[Data extracted from a collection]
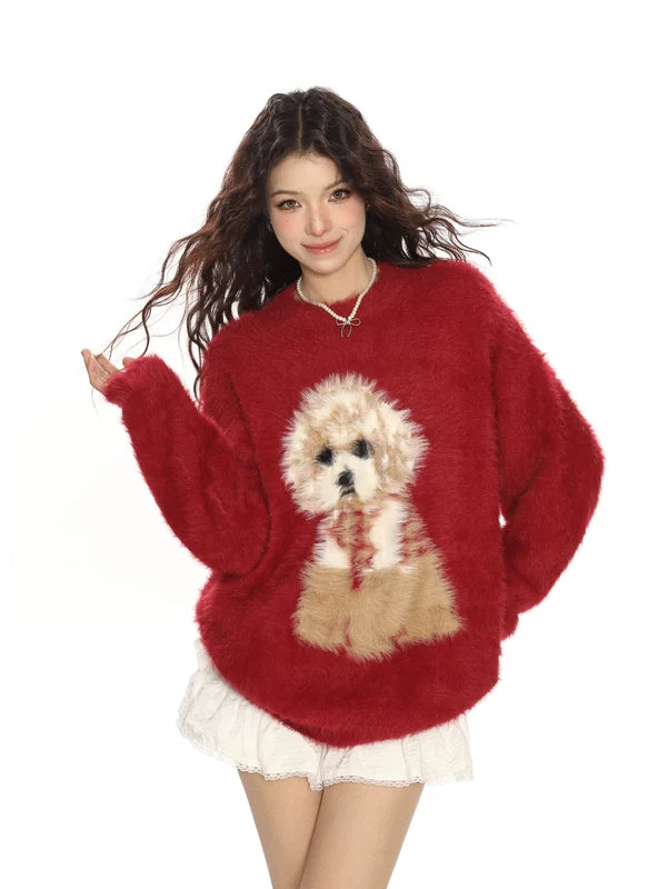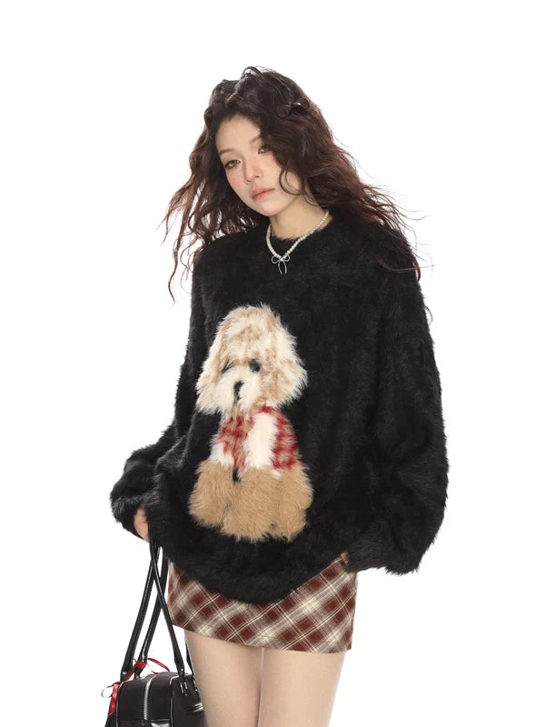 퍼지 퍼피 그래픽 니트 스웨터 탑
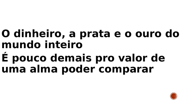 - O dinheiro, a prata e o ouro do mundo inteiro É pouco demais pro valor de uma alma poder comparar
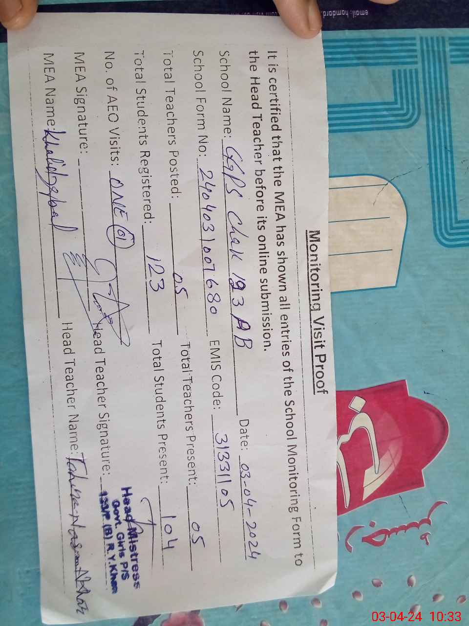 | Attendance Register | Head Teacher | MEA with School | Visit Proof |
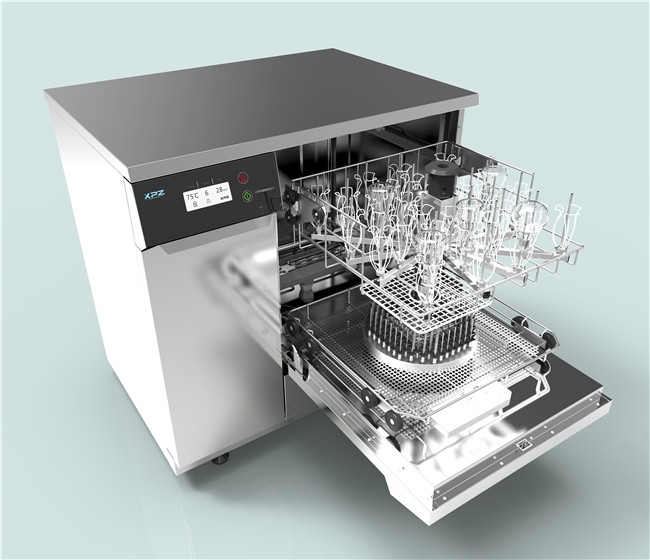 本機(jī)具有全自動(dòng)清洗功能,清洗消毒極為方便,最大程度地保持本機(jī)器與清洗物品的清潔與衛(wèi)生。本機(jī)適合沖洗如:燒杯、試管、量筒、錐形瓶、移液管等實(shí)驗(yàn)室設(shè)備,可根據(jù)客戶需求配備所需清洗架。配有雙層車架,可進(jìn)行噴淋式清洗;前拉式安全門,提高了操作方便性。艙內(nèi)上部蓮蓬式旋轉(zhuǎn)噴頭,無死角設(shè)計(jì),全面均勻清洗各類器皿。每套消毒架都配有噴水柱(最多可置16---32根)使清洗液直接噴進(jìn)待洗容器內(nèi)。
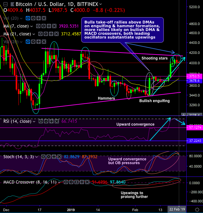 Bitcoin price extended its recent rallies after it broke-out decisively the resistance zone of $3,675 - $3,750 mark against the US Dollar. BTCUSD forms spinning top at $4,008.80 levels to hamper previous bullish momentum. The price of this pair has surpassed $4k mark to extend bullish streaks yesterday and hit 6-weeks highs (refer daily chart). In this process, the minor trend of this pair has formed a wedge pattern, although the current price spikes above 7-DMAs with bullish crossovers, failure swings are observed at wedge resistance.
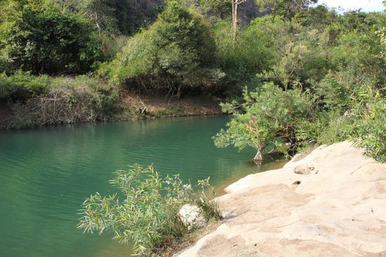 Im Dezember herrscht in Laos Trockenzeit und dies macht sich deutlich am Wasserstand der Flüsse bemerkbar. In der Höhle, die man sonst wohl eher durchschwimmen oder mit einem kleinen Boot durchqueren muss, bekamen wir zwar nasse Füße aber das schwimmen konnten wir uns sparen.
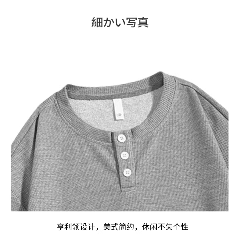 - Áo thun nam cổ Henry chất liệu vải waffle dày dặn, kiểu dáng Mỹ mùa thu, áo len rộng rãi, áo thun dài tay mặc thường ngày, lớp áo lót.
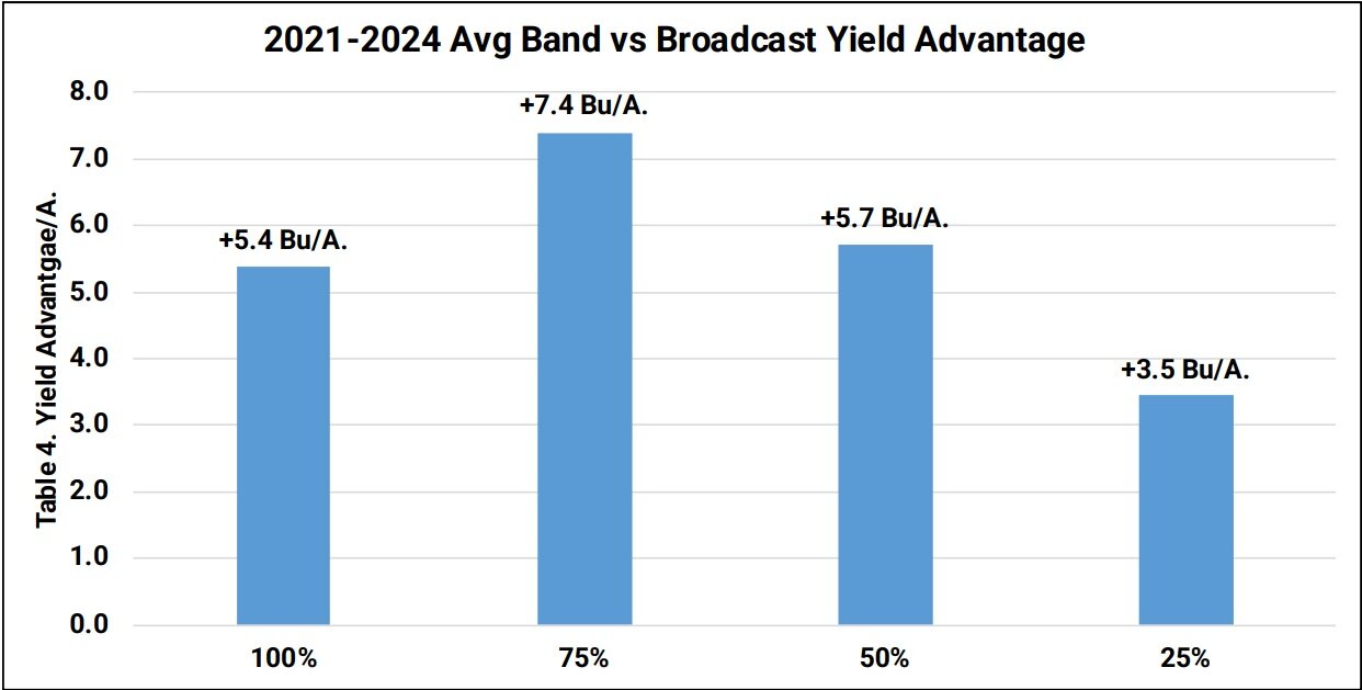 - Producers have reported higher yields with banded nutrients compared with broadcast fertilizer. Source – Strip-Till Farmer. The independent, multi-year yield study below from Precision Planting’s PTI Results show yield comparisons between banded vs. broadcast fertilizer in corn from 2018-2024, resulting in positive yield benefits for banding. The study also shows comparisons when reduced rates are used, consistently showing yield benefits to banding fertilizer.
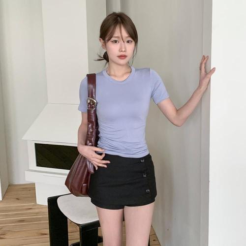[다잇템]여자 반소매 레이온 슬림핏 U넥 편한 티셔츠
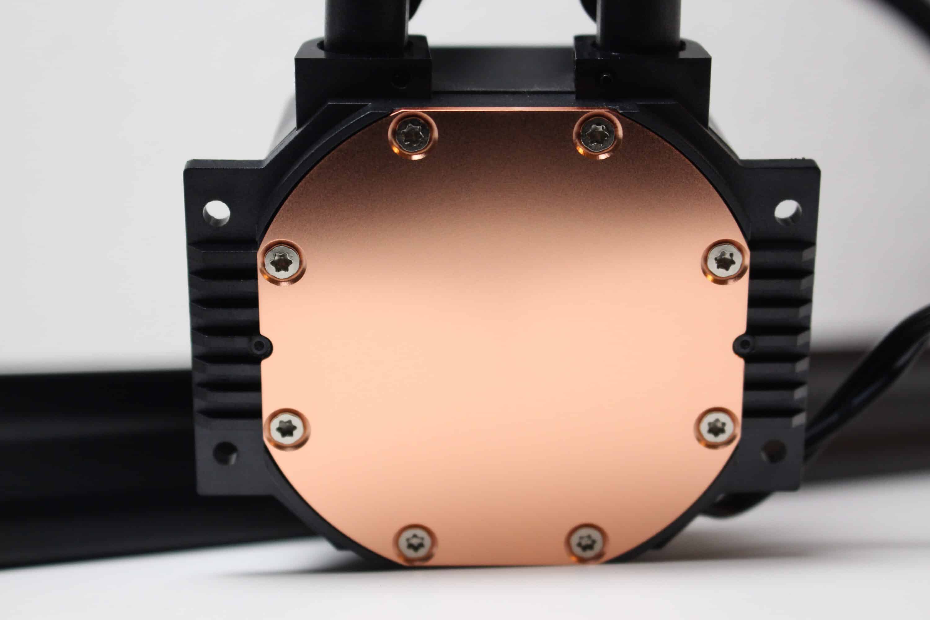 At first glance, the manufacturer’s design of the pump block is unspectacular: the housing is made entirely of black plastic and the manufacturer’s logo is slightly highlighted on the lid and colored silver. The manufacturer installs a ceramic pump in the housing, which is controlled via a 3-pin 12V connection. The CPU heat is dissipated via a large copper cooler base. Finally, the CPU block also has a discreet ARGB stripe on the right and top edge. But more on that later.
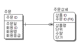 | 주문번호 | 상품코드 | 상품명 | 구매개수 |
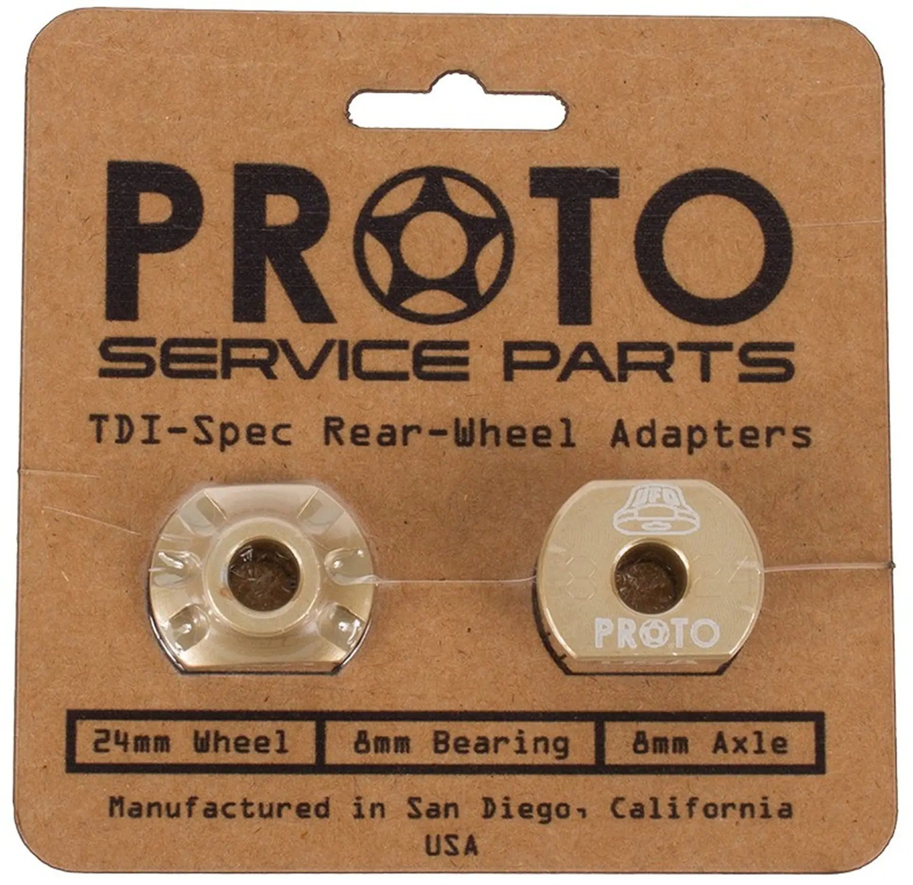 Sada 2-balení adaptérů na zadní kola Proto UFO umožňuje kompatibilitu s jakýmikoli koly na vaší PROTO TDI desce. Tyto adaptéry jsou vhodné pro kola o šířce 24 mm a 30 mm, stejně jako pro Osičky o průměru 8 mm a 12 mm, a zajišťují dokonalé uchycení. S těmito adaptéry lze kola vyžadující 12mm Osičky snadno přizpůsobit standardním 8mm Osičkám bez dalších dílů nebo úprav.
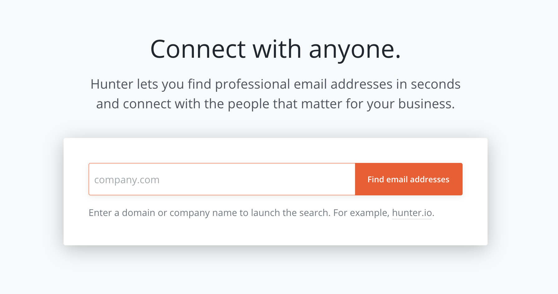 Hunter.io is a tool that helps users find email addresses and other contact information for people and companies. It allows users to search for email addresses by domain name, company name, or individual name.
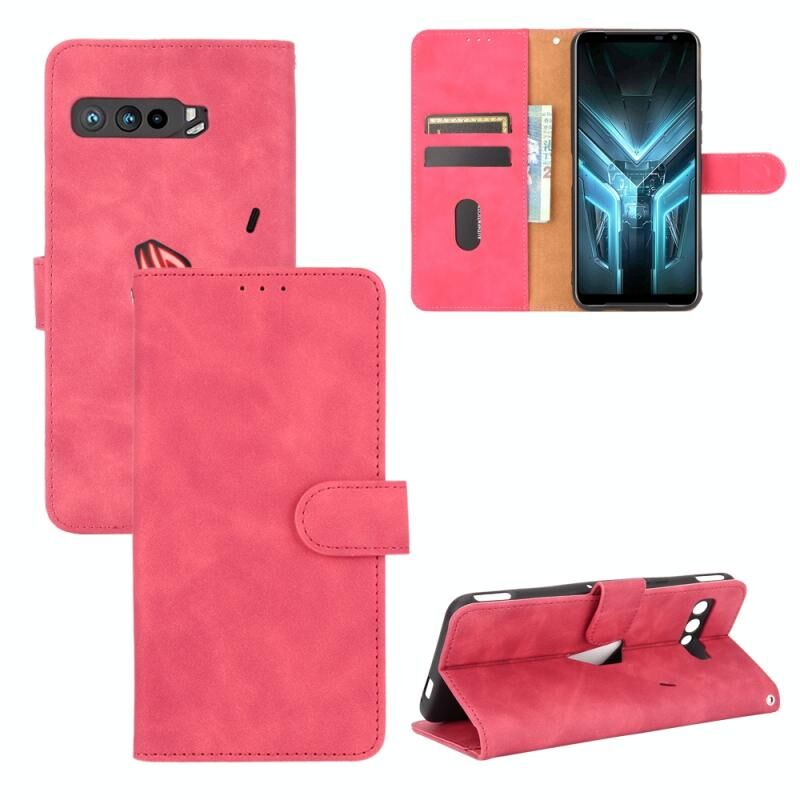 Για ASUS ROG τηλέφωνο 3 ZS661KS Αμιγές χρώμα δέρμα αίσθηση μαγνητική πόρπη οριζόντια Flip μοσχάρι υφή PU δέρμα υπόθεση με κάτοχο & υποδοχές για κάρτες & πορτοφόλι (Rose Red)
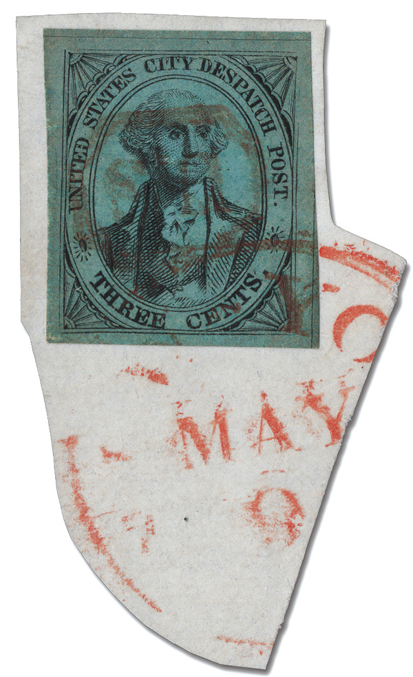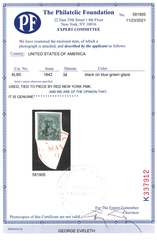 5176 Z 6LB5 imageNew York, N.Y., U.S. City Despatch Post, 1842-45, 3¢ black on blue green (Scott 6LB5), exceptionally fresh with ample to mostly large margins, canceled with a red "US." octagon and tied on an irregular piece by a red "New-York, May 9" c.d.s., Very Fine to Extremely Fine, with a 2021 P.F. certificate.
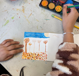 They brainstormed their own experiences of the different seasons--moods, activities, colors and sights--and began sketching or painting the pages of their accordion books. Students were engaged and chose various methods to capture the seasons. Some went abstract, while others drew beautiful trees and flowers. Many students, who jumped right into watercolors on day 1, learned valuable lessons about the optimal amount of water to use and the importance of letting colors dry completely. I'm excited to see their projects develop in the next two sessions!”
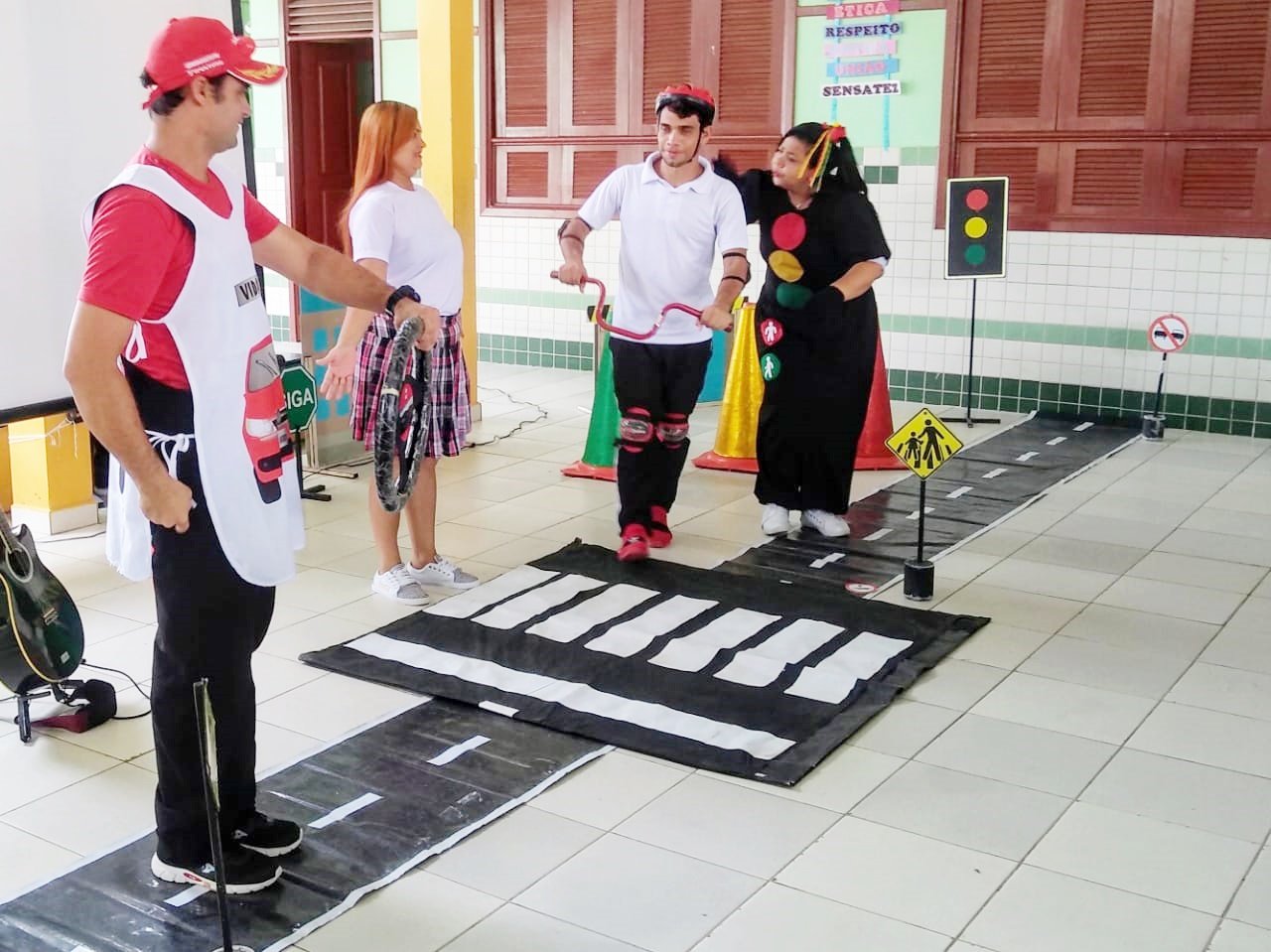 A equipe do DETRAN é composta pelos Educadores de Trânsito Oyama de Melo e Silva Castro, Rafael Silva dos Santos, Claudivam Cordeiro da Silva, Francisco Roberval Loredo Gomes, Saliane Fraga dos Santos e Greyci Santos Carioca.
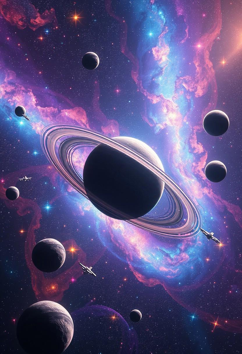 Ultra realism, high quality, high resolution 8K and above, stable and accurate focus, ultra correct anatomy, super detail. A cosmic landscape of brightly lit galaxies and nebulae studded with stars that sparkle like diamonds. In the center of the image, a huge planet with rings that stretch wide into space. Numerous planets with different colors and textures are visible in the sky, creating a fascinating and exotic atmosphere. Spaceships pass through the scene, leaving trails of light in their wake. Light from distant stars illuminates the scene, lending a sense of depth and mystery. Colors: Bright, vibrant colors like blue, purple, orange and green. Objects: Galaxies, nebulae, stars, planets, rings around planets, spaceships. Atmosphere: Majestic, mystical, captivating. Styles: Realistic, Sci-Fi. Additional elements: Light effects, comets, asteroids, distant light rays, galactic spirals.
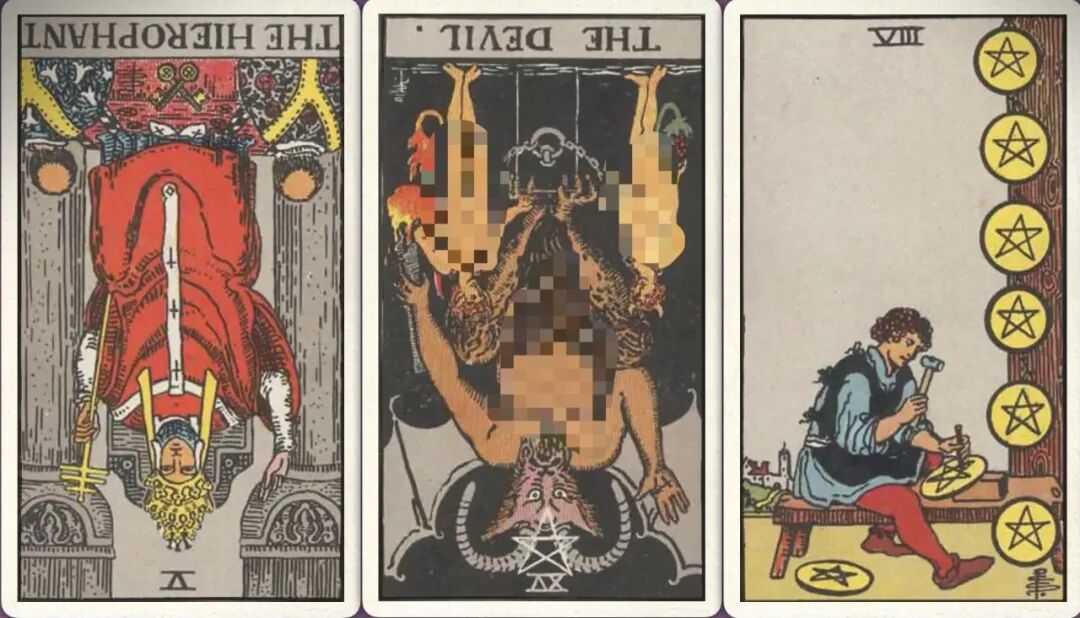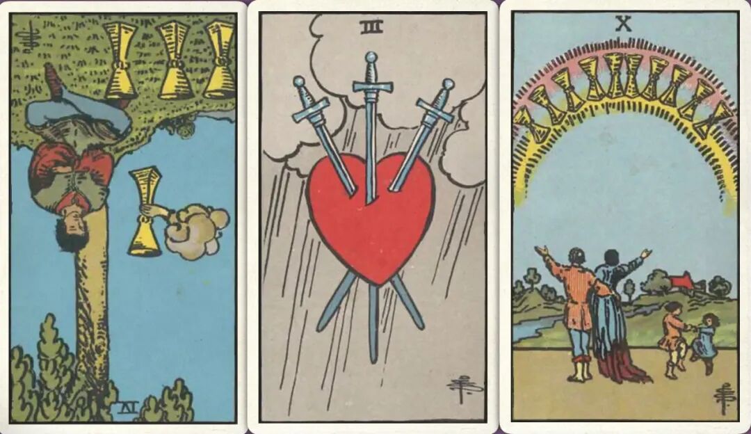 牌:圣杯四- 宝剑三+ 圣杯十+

_Directions for this task_:
The answer must be the part of the records that opens with the line containing "상품명 | 구매개수 |" and closes with the line containing "They brainstormed their", reproduced exactly, with no pictures.

_Answer_:
 | 주문번호 | 상품코드 | 상품명 | 구매개수 |
 Sada 2-balení adaptérů na zadní kola Proto UFO umožňuje kompatibilitu s jakýmikoli koly na vaší PROTO TDI desce. Tyto adaptéry jsou vhodné pro kola o šířce 24 mm a 30 mm, stejně jako pro Osičky o průměru 8 mm a 12 mm, a zajišťují dokonalé uchycení. S těmito adaptéry lze kola vyžadující 12mm Osičky snadno přizpůsobit standardním 8mm Osičkám bez dalších dílů nebo úprav.
 Hunter.io is a tool that helps users find email addresses and other contact information for people and companies. It allows users to search for email addresses by domain name, company name, or individual name.
 Για ASUS ROG τηλέφωνο 3 ZS661KS Αμιγές χρώμα δέρμα αίσθηση μαγνητική πόρπη οριζόντια Flip μοσχάρι υφή PU δέρμα υπόθεση με κάτοχο & υποδοχές για κάρτες & πορτοφόλι (Rose Red)
 5176 Z 6LB5 imageNew York, N.Y., U.S. City Despatch Post, 1842-45, 3¢ black on blue green (Scott 6LB5), exceptionally fresh with ample to mostly large margins, canceled with a red "US." octagon and tied on an irregular piece by a red "New-York, May 9" c.d.s., Very Fine to Extremely Fine, with a 2021 P.F. certificate.
 They brainstormed their own experiences of the different seasons--moods, activities, colors and sights--and began sketching or painting the pages of their accordion books. Students were engaged and chose various methods to capture the seasons. Some went abstract, while others drew beautiful trees and flowers. Many students, who jumped right into watercolors on day 1, learned valuable lessons about the optimal amount of water to use and the importance of letting colors dry completely. I'm excited to see their projects develop in the next two sessions!”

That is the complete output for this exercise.